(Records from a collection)

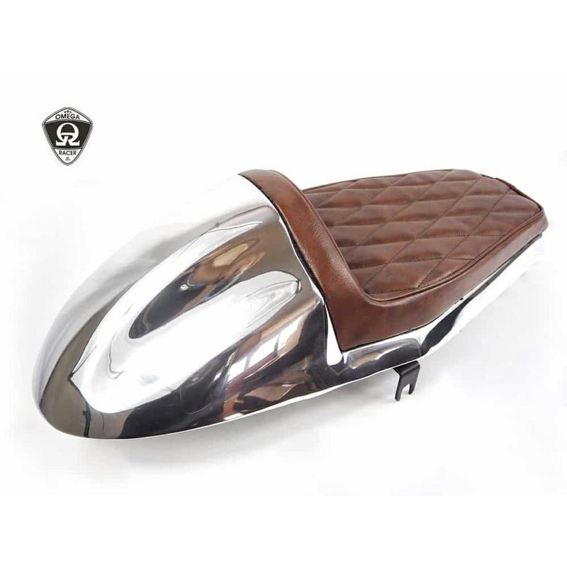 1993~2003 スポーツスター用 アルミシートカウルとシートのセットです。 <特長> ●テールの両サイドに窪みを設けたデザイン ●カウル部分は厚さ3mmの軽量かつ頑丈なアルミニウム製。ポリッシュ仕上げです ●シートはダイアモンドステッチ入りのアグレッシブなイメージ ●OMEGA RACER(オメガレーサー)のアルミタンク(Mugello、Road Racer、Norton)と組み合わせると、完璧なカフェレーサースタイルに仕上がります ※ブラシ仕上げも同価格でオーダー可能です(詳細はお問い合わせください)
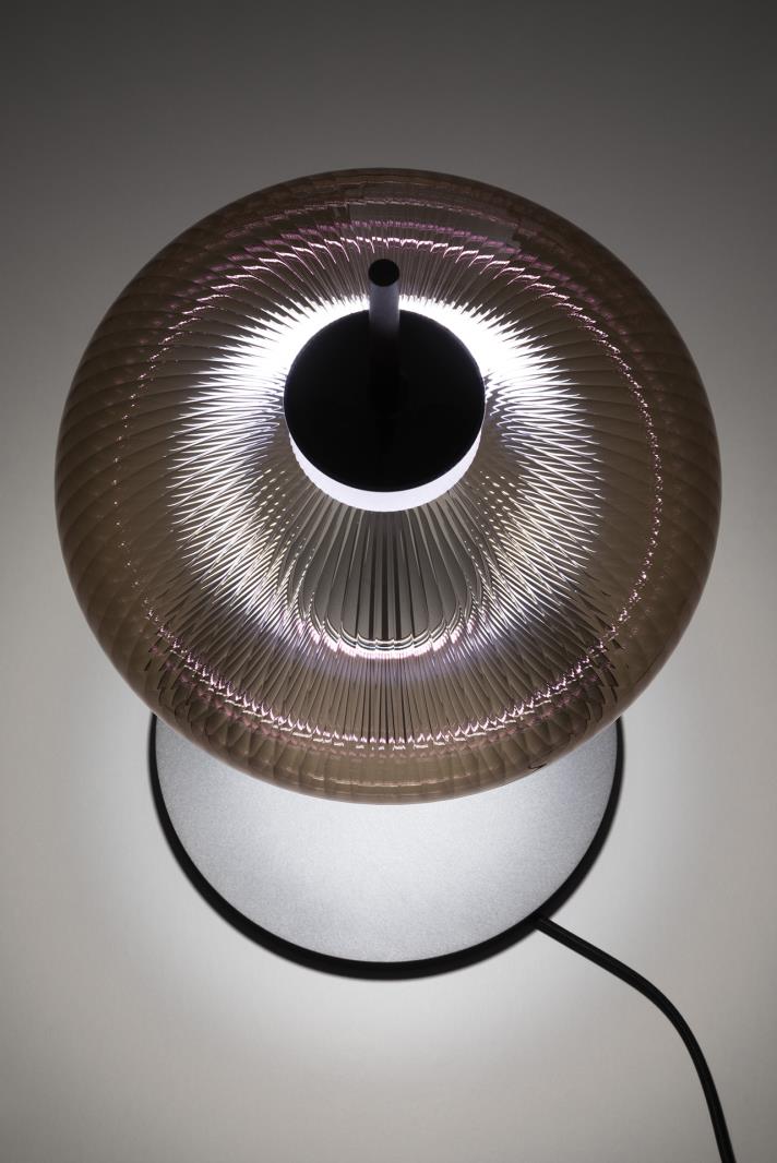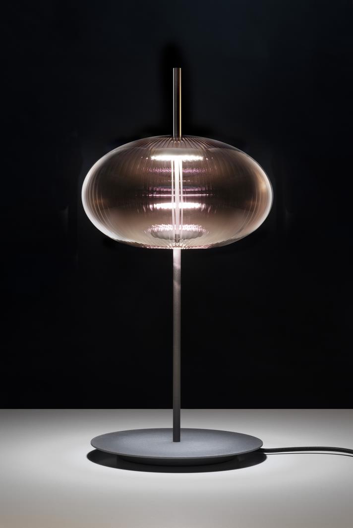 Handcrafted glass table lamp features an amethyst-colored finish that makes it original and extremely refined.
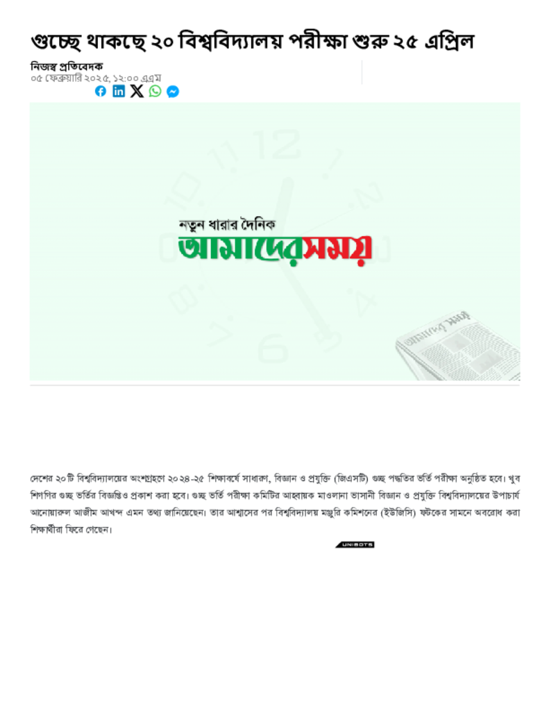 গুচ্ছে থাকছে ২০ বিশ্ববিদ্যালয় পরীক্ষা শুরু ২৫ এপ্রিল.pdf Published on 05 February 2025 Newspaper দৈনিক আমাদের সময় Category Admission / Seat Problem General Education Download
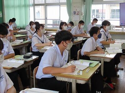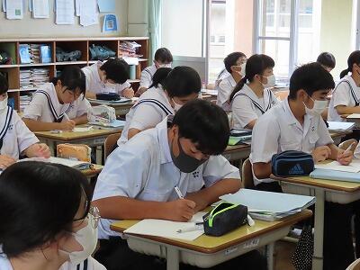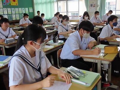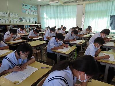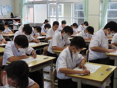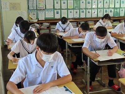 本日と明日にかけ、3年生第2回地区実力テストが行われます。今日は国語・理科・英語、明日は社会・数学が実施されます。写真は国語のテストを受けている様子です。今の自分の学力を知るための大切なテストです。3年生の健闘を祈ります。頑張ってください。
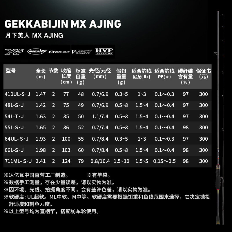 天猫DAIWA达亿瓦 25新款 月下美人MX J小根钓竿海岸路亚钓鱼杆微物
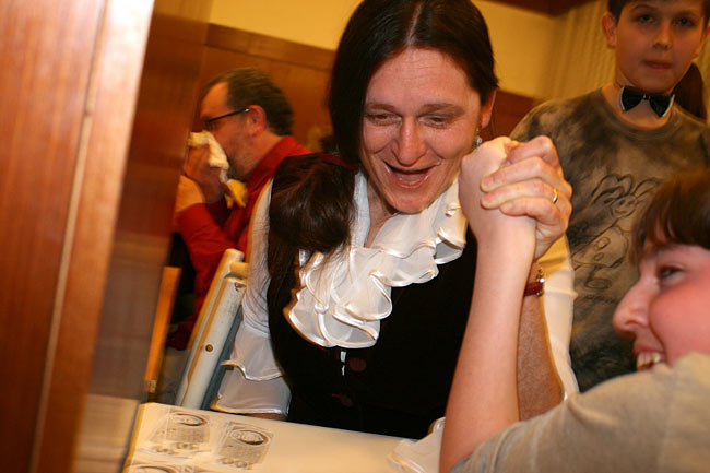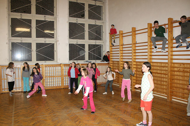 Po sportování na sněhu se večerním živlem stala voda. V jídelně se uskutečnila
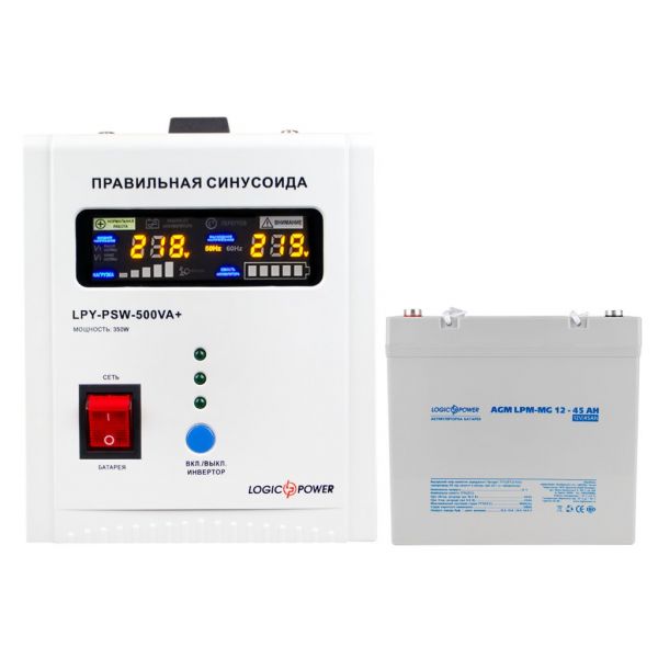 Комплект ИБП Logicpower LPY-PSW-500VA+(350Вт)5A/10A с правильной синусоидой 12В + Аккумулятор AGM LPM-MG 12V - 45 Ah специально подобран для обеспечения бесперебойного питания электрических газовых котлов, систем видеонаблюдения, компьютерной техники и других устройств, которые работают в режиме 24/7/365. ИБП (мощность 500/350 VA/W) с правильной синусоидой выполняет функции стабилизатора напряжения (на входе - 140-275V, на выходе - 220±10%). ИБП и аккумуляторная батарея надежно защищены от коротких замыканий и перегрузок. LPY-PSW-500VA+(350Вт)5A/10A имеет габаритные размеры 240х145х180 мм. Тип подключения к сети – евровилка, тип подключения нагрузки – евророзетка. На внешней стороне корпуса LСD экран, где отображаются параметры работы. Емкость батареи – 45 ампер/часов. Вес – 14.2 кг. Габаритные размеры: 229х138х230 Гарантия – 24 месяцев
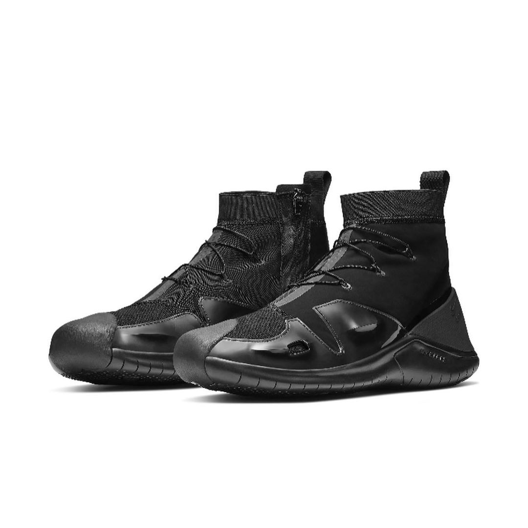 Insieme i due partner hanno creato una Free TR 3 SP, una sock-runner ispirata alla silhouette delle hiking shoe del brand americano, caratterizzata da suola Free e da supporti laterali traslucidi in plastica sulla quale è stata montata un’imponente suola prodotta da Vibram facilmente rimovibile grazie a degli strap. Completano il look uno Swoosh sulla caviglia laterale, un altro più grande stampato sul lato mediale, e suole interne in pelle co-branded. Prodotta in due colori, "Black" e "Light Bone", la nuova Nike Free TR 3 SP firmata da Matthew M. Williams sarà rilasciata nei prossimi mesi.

## What is needed
Would you write out every record word for word, leaving no picture in?

## Answer section
 1993~2003 スポーツスター用 アルミシートカウルとシートのセットです。 <特長> ●テールの両サイドに窪みを設けたデザイン ●カウル部分は厚さ3mmの軽量かつ頑丈なアルミニウム製。ポリッシュ仕上げです ●シートはダイアモンドステッチ入りのアグレッシブなイメージ ●OMEGA RACER(オメガレーサー)のアルミタンク(Mugello、Road Racer、Norton)と組み合わせると、完璧なカフェレーサースタイルに仕上がります ※ブラシ仕上げも同価格でオーダー可能です(詳細はお問い合わせください)
 Handcrafted glass table lamp features an amethyst-colored finish that makes it original and extremely refined.
 গুচ্ছে থাকছে ২০ বিশ্ববিদ্যালয় পরীক্ষা শুরু ২৫ এপ্রিল.pdf Published on 05 February 2025 Newspaper দৈনিক আমাদের সময় Category Admission / Seat Problem General Education Download
 本日と明日にかけ、3年生第2回地区実力テストが行われます。今日は国語・理科・英語、明日は社会・数学が実施されます。写真は国語のテストを受けている様子です。今の自分の学力を知るための大切なテストです。3年生の健闘を祈ります。頑張ってください。
 天猫DAIWA达亿瓦 25新款 月下美人MX J小根钓竿海岸路亚钓鱼杆微物
 Po sportování na sněhu se večerním živlem stala voda. V jídelně se uskutečnila
 Комплект ИБП Logicpower LPY-PSW-500VA+(350Вт)5A/10A с правильной синусоидой 12В + Аккумулятор AGM LPM-MG 12V - 45 Ah специально подобран для обеспечения бесперебойного питания электрических газовых котлов, систем видеонаблюдения, компьютерной техники и других устройств, которые работают в режиме 24/7/365. ИБП (мощность 500/350 VA/W) с правильной синусоидой выполняет функции стабилизатора напряжения (на входе - 140-275V, на выходе - 220±10%). ИБП и аккумуляторная батарея надежно защищены от коротких замыканий и перегрузок. LPY-PSW-500VA+(350Вт)5A/10A имеет габаритные размеры 240х145х180 мм. Тип подключения к сети – евровилка, тип подключения нагрузки – евророзетка. На внешней стороне корпуса LСD экран, где отображаются параметры работы. Емкость батареи – 45 ампер/часов. Вес – 14.2 кг. Габаритные размеры: 229х138х230 Гарантия – 24 месяцев
 Insieme i due partner hanno creato una Free TR 3 SP, una sock-runner ispirata alla silhouette delle hiking shoe del brand americano, caratterizzata da suola Free e da supporti laterali traslucidi in plastica sulla quale è stata montata un’imponente suola prodotta da Vibram facilmente rimovibile grazie a degli strap. Completano il look uno Swoosh sulla caviglia laterale, un altro più grande stampato sul lato mediale, e suole interne in pelle co-branded. Prodotta in due colori, "Black" e "Light Bone", la nuova Nike Free TR 3 SP firmata da Matthew M. Williams sarà rilasciata nei prossimi mesi.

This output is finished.